Leftist rebels of the Revolutionary Armed Forces of Colombia patrol a roadway near to San Vicente de Caguan in January 1999. The conflict with the FARC has killed nearly a quarter million people.

The 21st-century has been one of the more peaceful epochs in human history. People are bombarded with violent images and tragic news, but this century has borne witness to dramatic peace. Rampant violence defined epochs from Pax Romana to the Middle Ages through the Napoleonic Era.

World Wars and the Cold War marred the 20th-century. In this century, international wars have diminished. And in the shadows, violence has oriented to non-state actors and civil conflicts. The young 21st-century saw the end of two conflicts which had lasted for decades: the Korean War and the Colombian Civil War between FARC, Revolutionary Armed Forces of Colombia, and the government. This piece, in keeping with themes regarding Latin America, will discuss outcomes of the Colombian peace deal.

The Peace Accord in Colombia was signed on November 24th, 2016 and it won incumbent Colombian President Juan Manuel Santos a Nobel Peace Prize. Talks had developed over four years, beginning in Oslo, Norway and Havana, Cuba in 2012. In the short-term, the peace-talks resulted in disarming many FARC members, a decrease in violence, and a more coordinated political system wherein FARC has legitimate representation. More than 12,000 former combatants have pledged to return to society. Businesses such as Coca-Cola and Cemex have agree to hire former insurgents and run re-integation programs. The internal displacement rate has been reduced by a multiple of 30, and casualties have dropped from 3,000 at the beginning of the peace accords, to 10 at the end.

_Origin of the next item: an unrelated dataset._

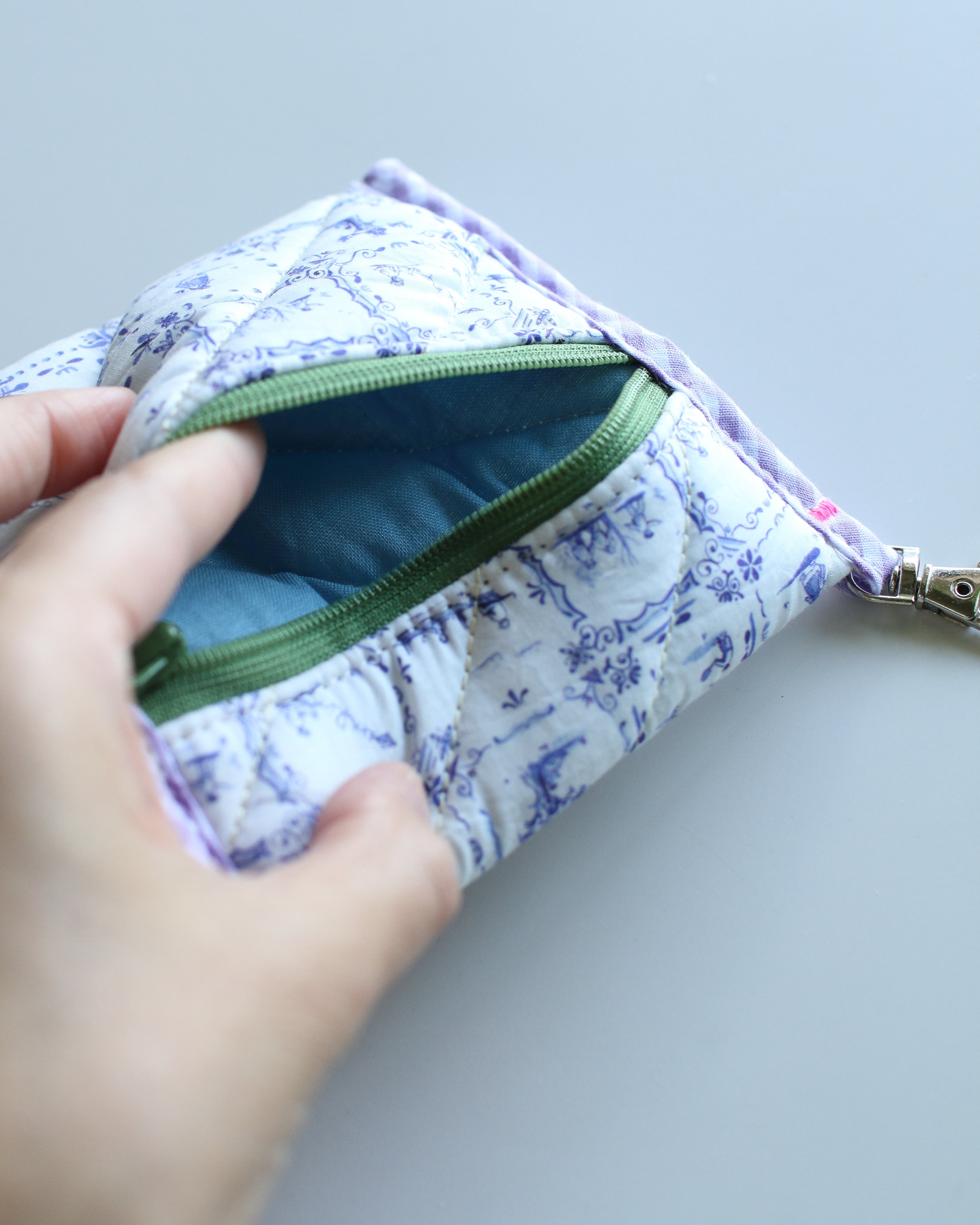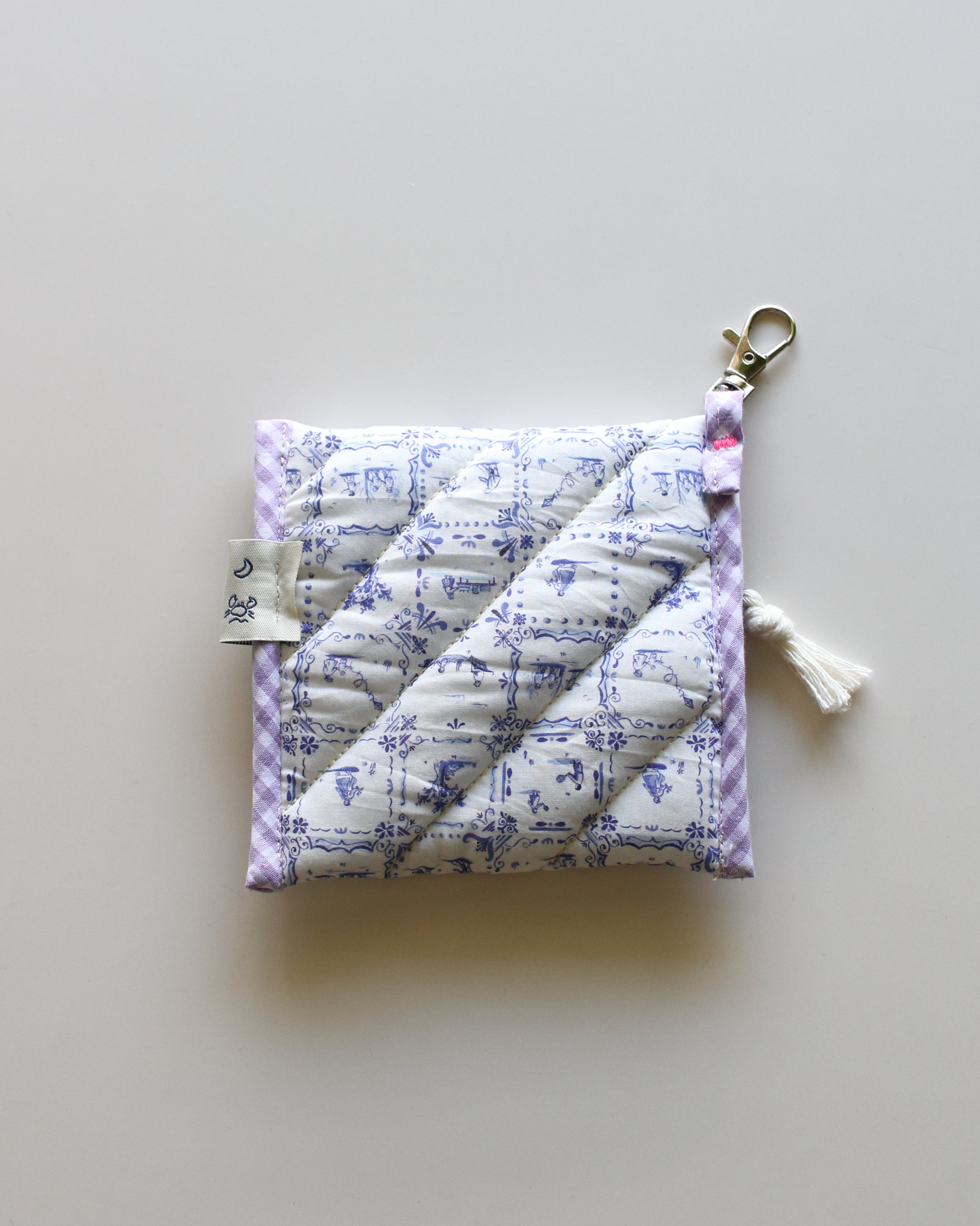 オリジナルで厚みのあるキルティングに仕立てたミニポーチ。

The death toll has climbed to more 120 human rights defenders in 2017 alone.

We can rightfully call this a success. But Colombia’s situation remains touch-and-go at best. When FARC agreed to the deal, other insurgent groups increased their presence, particularly in the countryside. Small groups such as the National Liberation Army (FNL), refused to negotiate with the government and remain active in such areas. Said groups have filled the power vacuum left when the government failed to extend its presence to areas where FARC controlled territory.

The struggle for control has led to conflicts between the smaller groups and the local population. Unfortunately, native, afro-Colombians, and human rights defenders have suffered disproportionately. Consequently, such populations are protesting peace accord details and urging the Colombian government to step in. The death toll has climbed to more 120 human rights defenders in 2017 alone.

The Santos government earned criticism when it failed to bring the peace deal before a plebiscite, and instead presented it to the Colombian Congress.

Another challenge lies in understanding the proposed agrarian reforms. Land rights have been at the heart of the Colombian conflict since the 1950s. FARC often loomed in the jungles so companies could not grab land belonging to indigenous communities. Newly elected president, Ivan Duque Marquez, sees the land restitution part of the Peace Accord as an attempt to bring socialism to Colombia. However, Marquez and his party have opposed the Peace Accord since the start.

Former FARC guerrillas Nasly Rodriguez and Gregory Villarraga – shown at a Bogota art gallery with their baby daughter — are among the many families who have had to adapt to new jobs and lives after the rebel group’s demobilization last year. CARLOS VILLALON/THE GLOBE AND MAIL

Given Venezuela’s turmoil, many rightfully fear that socialism will take Colombia down the same path. Finally, the Santos government earned criticism when it failed to bring the peace deal before a plebiscite, and instead presented it to the Colombian Congress.

The situation in Colombia reminds us that peace is not achieved by signing papers. Rather, it’s earned through sustained hard work, dialogue, and mutual trust. Making peace is a delicate process that requires more than stopping armed conflicts. Creating a sustainable peace requires political will and follow-through, working within existing institutional structures, and coordinating with civil society organizations.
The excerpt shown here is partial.